• Brief: Exact copy, no pictures: return all the data below as written.

(Stored items)
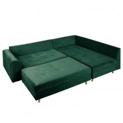 Norrwood Ecksofa Meyford - Samt Ravi: Antikgrün - Ottomane davorstehend rechts - Mit Hocker
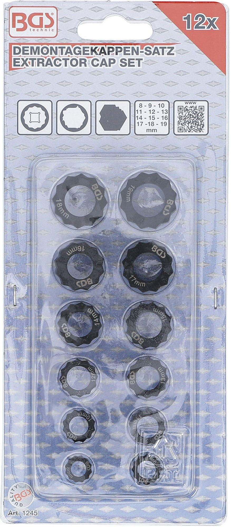 BGS 1245 Satz Demontagekappen für beschädigte Sechskant-Schrauben und Muttern 12-teilig
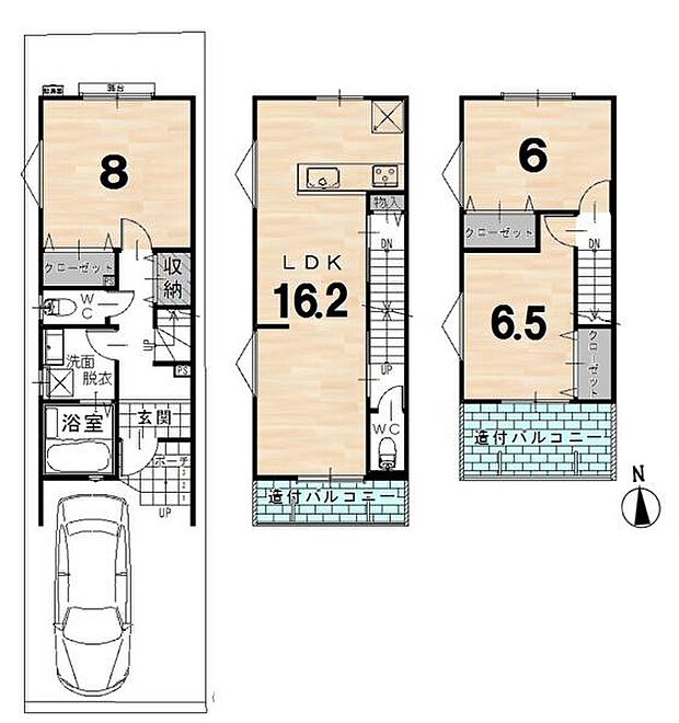 | 間取り | 3LDK 間取り内訳:洋室 8帖(1階)・リビングダイニングキッチン 16.2帖(2階)・洋室 6帖(3階)・洋室 6.5帖(3階) |
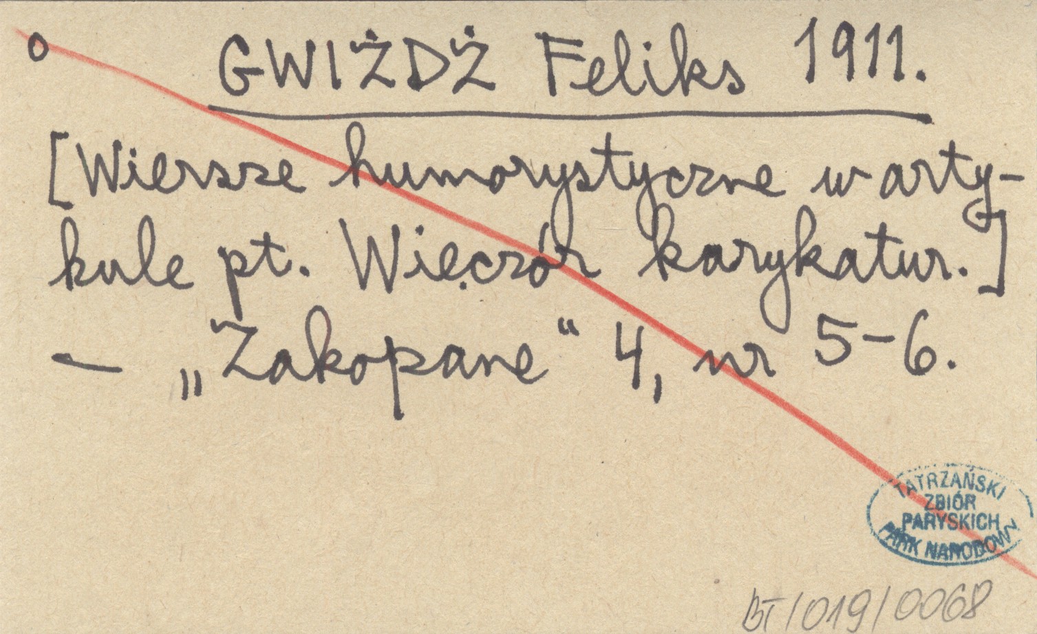 GWIŻDŻ Feliks 1911 [Wiersze humorystyczne w artykule pt. Wieczór karykatur].
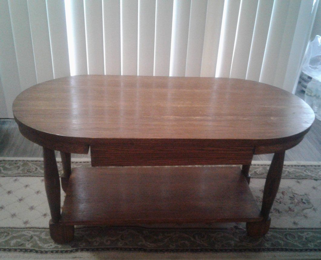 Vintage Wood Coffee Table with Drawer, that opens on both sides In good condition. measures 32 1/2" x 18" and 17" tall $90

• Result of this exercise:
 Norrwood Ecksofa Meyford - Samt Ravi: Antikgrün - Ottomane davorstehend rechts - Mit Hocker
 BGS 1245 Satz Demontagekappen für beschädigte Sechskant-Schrauben und Muttern 12-teilig
 | 間取り | 3LDK 間取り内訳:洋室 8帖(1階)・リビングダイニングキッチン 16.2帖(2階)・洋室 6帖(3階)・洋室 6.5帖(3階) |
 GWIŻDŻ Feliks 1911 [Wiersze humorystyczne w artykule pt. Wieczór karykatur].
 Vintage Wood Coffee Table with Drawer, that opens on both sides In good condition. measures 32 1/2" x 18" and 17" tall $90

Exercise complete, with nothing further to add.